Saudi Arabia has, in the process of ending the financial war in Yemen, objectively taken the side of the Huthis, regardless of any rhetoric to the contrary. Its regime forced the IRG to give in to Huthi demands which also included expansion of destinations for flights from Sanaa airport. While there are rumours that IRG oil exports would resume under this deal, they have been denied by the Huthis.

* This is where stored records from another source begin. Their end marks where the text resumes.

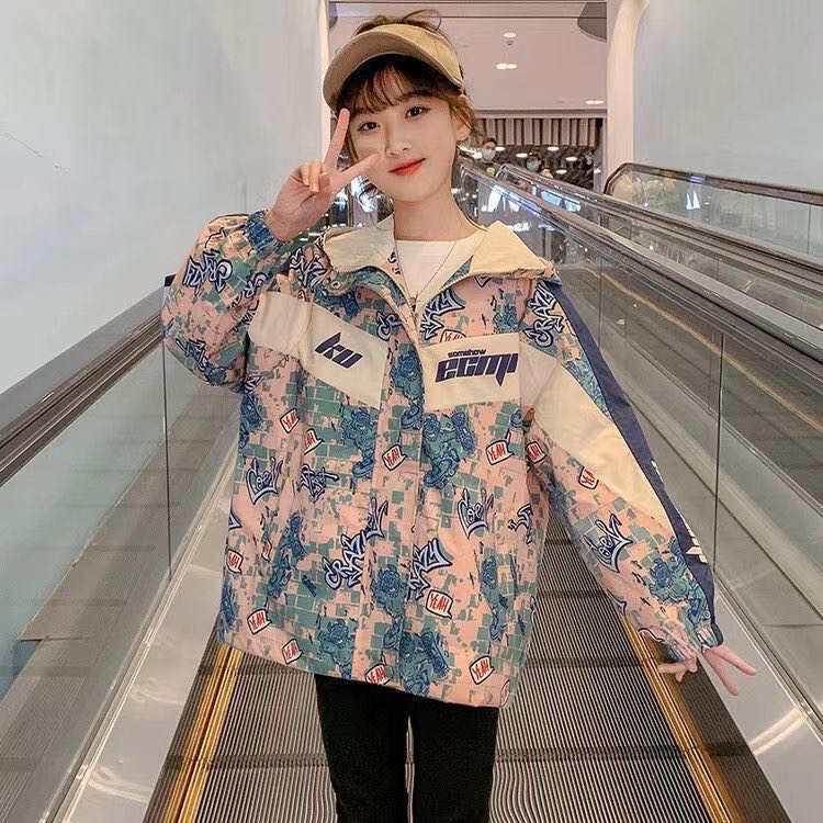 キッズ 子供服 ロングコート カジュアル 女の子 春秋 ゆったり 可愛い ジュニア 長袖 薄手 英文字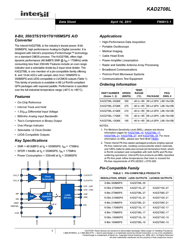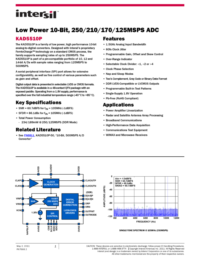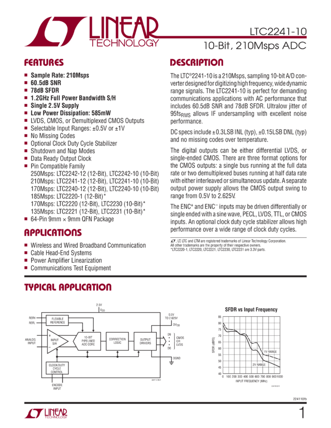1.8V, 10-Bit, 210Msps Analog-to-Digital Converter with LVDS Outputs for Wideband Applications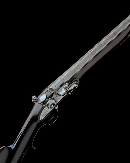 circa 1790, with slightly shortened 30 3/4in. swamped octagonal barrel with straight-groove rifling and struck at the breech with 'Spanish' marks, silver spider fore-sight, relined touch-hole, flat bevelled lock, later full stock with horn fore-end cap, brass mounts including butt-plate decorated in low relief with rococo ornament and a classical soldier on the tang, iron sling mounts and horn-tipped ramrod (fore-end replaced, iron parts cleaned)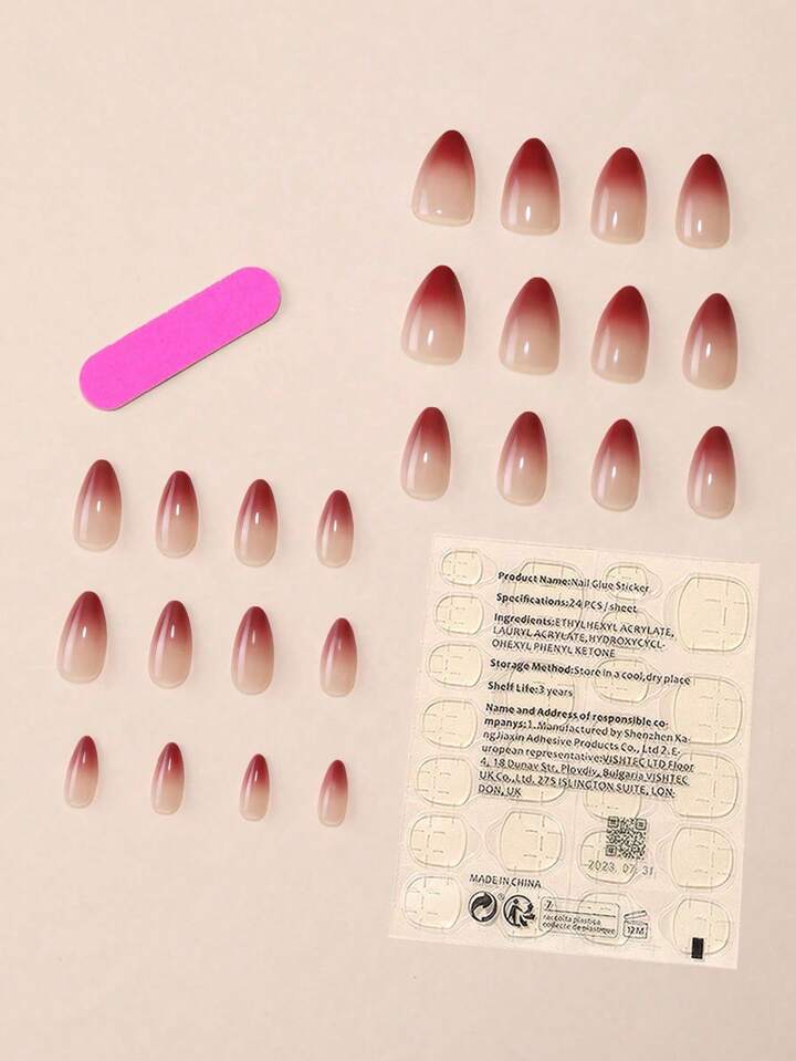 24 piezas Uña postiza largo de ombré & 1 hoja cinta & 1 pieza lima de uña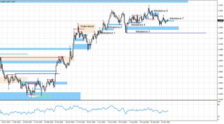 С графической точки зрения, имбаланс 7 – это сейчас фактически единственный паттерн, интересный для трейдеров. Так как движения в последние недели на рынке очень слабые, сразу и не поймешь, как именно цена отреагировала на имбаланс 7, изначально «бычий» имбаланс. «Бычьей» реакции на него она не получила, затем закрылась ниже него, но не инвалидировала. А в последние несколько дней находится аккурат внутри зоны шириной всего лишь 30 пипсов. На мой взгляд, сделать вывод о новом падении евро можно сейчас только на основании возможного падения британца, но никак не на основании графического анализа или же имбаланса 7. Этот паттерн может еще превратиться в «перевернутый имбаланс», но тогда сейчас медведи должны на него отреагировать. Напомню также, что причин у быков начать новое наступление имеется в достатке уже несколько недель подряд. Это и «голубиные» перспективы ДКП FOMC, это и общая политика Дональда Трампа, это и противостояние США с Китаем, это и акции протеста против Трампа, захлестнувшие Америку в третий раз в текущем году, это и слабость рынка труда, это и не радужные перспективы американской экономики, это и «шатдаун», который длится уже почти месяц. Однако быки продолжают выжидать, а графических сигналов к покупкам все равно нет. Таким образом, графический анализ остается сейчас на первом месте для трейдеров. Имбаланс 3 продолжает притягивать к себе цену. Имбаланс 7 – может быть преображен в «перевернутый медвежий имбаланс». В любом случае реакции на имбаланс 7 получено не было, а значит и открывать сделки на покупку оснований тоже не было. Таким образом, ждем европейскую валюту еще ниже и реакции на имбаланс 3. Или же образования новых «бычьих» паттернов. Тренд остается «бычьим», а движения в последние несколько месяцев – это боковик. Таким образом, графический анализ в данное время не позволяет рассматривать сделки на продажу. Не следует упускать из виду торговую войну Трампа и его давление на FOMC. В данное время Трамп активно требует от Китая и Индии отказа от российской нефти в рамках компании по завершению войны в Украине. Против Индии Трамп уже повысил пошлины до 50%, а с Китаем вроде бы достигнуты некоторые договоренности, но новая эскалация – это вопрос времени. Вряд ли такой информационный плацдарм поможет медведям сформировать тренд. Таким образом, в «медвежий» тренд я по-прежнему не верю. Информационный фон, во-первых, крайне сложно интерпретировать в пользу доллара, а во-вторых, он попросту не изменился в последнее время, чтобы ожидать резкую смену в настроении трейдеров. Синяя линия показывает ценовой уровень, ниже которого можно будет считать «бычий» тренд завершенным. До него медведям нужно пройти вниз еще около 220 пипсов, а у меня даже текущее падение вызывает нешуточное удивление. Ближайшей целью для роста европейской валюты может выступать только «медвежий» имбаланс 1,1976 – 1,2092 на недельном графике, который был образован еще в июне 2021 года. Календарь новостей для США и Евросоюза: США – Решение FOMC по ДКП (18-00 UTC). США – Пресс-конференция ФРС (18-30 UTC). 29 октября календарь экономических событий содержит в себе две записи, но обе – очень важные. Влияние информационного фона на настроение рынка в среду вечером будет очень сильным. Прогноз по EUR/USD и советы трейдерам: На мой взгляд, пара может находиться на завершающем э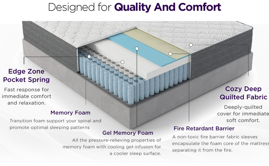 Victoria 10" Full Cooling Gel And Pocket Coil Hybrid Mattress (Medium-Firm)

These events firmly indicate that Saudi Arabia is unlikely to take any serious action in support of the IRG beyond its drip-fed financial support which barely keeps the government afloat. In this context it is even less surprising to note that not a word has come from Riyadh in criticism of the Huthi war against shipping in the Red and Arabian seas; no doubt popular support for anti-Israel actions in the kingdom is an important factor.
Meanwhile, in Yemen low level fighting increases on all fronts, with ongoing pressure by Huthi forces against the divided IRG ones. Although few missiles have been launched since the Israeli destruction of major oil facilities in Hodeida, Huthi attacks on the Red Sea are likely to resume and may be more accurately targeted than in the past. Response to the latest Israeli assassinations in Tehran and Lebanon had not yet taken place at the time of writing but retaliatory violence is almost certain, particularly as the US continues to claim its ‘ironclad’ support for Israel regardless of the atrocities it commits and the increasingly likely collapse of the region into full-scale war.

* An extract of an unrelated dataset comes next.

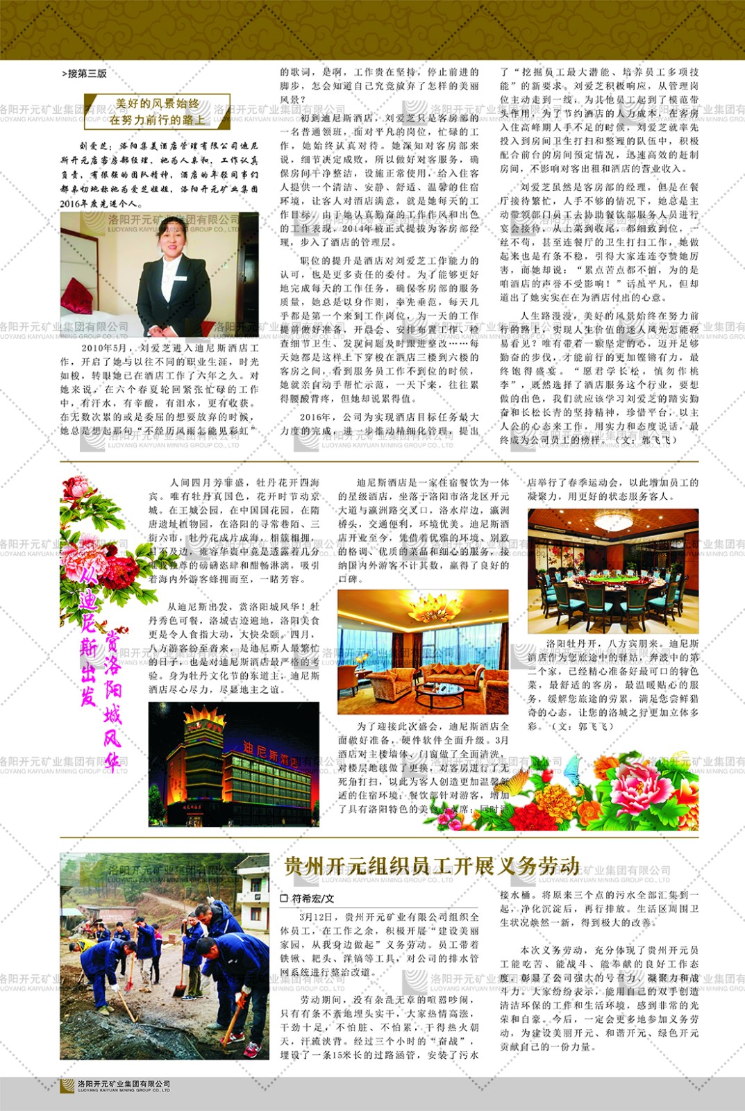 洛陽開元礦業(yè)集團(tuán)有限公司簡介洛陽開元礦業(yè)集團(tuán)有限公司,始成立于2006年,位于洛陽市開元大道269號(hào)。集團(tuán)旗下共有十余家全資子公司,業(yè)務(wù)涉及有色金屬礦山開發(fā)、礦產(chǎn)品購銷與進(jìn)出口貿(mào)易、房地產(chǎn)開發(fā)、文化藝術(shù)、企業(yè)管理與咨詢、資本投資等多個(gè)領(lǐng)域。2024年,集團(tuán)公司銷售總額達(dá)7.8億元。民建河南省委委員、民建河南省委企業(yè)委副主任、民建洛陽市委委員、企業(yè)委主任、洛陽民建企業(yè)家協(xié)會(huì)會(huì)長許明月是公司創(chuàng)始人,現(xiàn)任洛陽開元礦業(yè)集團(tuán)有限公司董事長。在礦業(yè)領(lǐng)域,洛陽開元礦業(yè)集團(tuán)擁有多家實(shí)力雄厚的子公司:貴州開元礦業(yè)有限公司探、采礦權(quán)面積共11.33平方公里;興海縣銅鑫礦業(yè)有限公司探礦權(quán)面積8.76平方公里,礦山資源潛力巨大;2021年,開元集團(tuán)與盧氏中科礦業(yè)有限公司開展戰(zhàn)略合作。盧氏中科礦業(yè)有限公司專注于有色金屬的浮選、加工和銷售,擁有強(qiáng)大的技術(shù)支撐平臺(tái),是集探、采、選、冶、研為一體的中大型綜合礦業(yè)企業(yè)。目前,盧氏中科王家河1000噸選礦廠已成功投產(chǎn),雙河金礦、柳關(guān)欒盧鉛鋅礦相繼順利開工,樓房銀礦與圪老灣鉛鋅礦的深部探礦重大突破,標(biāo)志著礦山版圖取得重大進(jìn)展,為開元集團(tuán)后續(xù)發(fā)展奠定了堅(jiān)實(shí)基礎(chǔ)。在文化傳媒領(lǐng)域,洛陽市明月美術(shù)館通過豐富多樣的藝術(shù)展覽、學(xué)術(shù)研討和公共教育活動(dòng),努力打造一個(gè)集展覽、交流、教育、研究為一體的綜合性藝術(shù)平臺(tái)。此外,在金融投資領(lǐng)域,開元集團(tuán)旗下的北京明峰資本管理有限公司專注于投資具有高增長潛力的優(yōu)秀企業(yè),特別是高科技、新能源、環(huán)保等新興產(chǎn)業(yè),為客戶提供個(gè)性化的資產(chǎn)配置服務(wù)。在做好企業(yè)經(jīng)營的同時(shí),開元集團(tuán)始終不忘企業(yè)的社會(huì)責(zé)任和家國情懷,以突出的愛心公益事跡,開展了一系列公益慈善活動(dòng):“民建林”公益事業(yè)通過“思源基金”“幫幫公益”線上公益平臺(tái),與眾多愛心人士籌措資金20余萬元;資助541名貧困大學(xué)生共計(jì)270余萬元,推進(jìn)“數(shù)字助力——河南AI人才培養(yǎng)”;捐款10萬元,馳援京津冀、黑龍江洪水地質(zhì)災(zāi)害……公司于2017年底被洛陽市慈善總會(huì)評(píng)為“洛陽慈善風(fēng)云榜——十大愛心集體”。洛陽開元礦業(yè)集團(tuán)有限公司秉承持續(xù)發(fā)展理念,憑借多年來良好的企業(yè)信譽(yù)與經(jīng)營業(yè)績,與全國多家企業(yè)建立了良好合作關(guān)系,受到社會(huì)各界的一致好評(píng),多次榮獲“納稅標(biāo)兵”“先進(jìn)企業(yè)”“招商引資模范企業(yè)”等榮譽(yù)稱號(hào)?;赝麃頃r(shí)路,開元人勠力同心,以“闖”的精神和“創(chuàng)”的勁頭,一路披荊斬棘,踏過千山萬水;展望新未來,開元人凝心聚力,不執(zhí)于“舊”,無畏于“新”,秉承“勇于跨越,追求卓越”的企業(yè)精神,乘著國家高質(zhì)量發(fā)展新征程的東風(fēng),跨過高山,越過大海,向著集團(tuán)多元化、國際化的目標(biāo),逐夢(mèng)遠(yuǎn)航,跨越前行!

On 30 July a senior US delegation arrived in Riyadh to discuss Yemen, leaving one to wonder whether its pressure will be in favour for or against the finalisation of the Saudi-Huthi ‘peace agreement’ in Yemen. Either way, it is unlikely to sway the Saudi regime which is determined to give priority to its own internal interests and which is caught between its complex interests in obtaining US concessions in exchange for increasing its relationship with Israel and its population’s strong commitment to support Palestine against Israeli massacres.
In Yemen itself, the humanitarian situation continues to deteriorate (just 27% of the UN’s plan financed as of 31 July), particularly in Huthi controlled areas. The latest announcement that the US is resuming aid to that area confirms that the WFP’s interruption of food distributions in the Huthi controlled area last December was a result of the US pressure. Their resumption will assist the population but primarily benefit the Huthis and their supporters, given Huthi interference in humanitarian sector activities. However, in the long run the Saudis have given a major boost to the Huthis and further weakened their ‘ally’ the IRG and the PLC it appointed two years ago. For ordinary Yemenis living conditions in the broadest sense will be severely weakened by Riyadh’s volte face.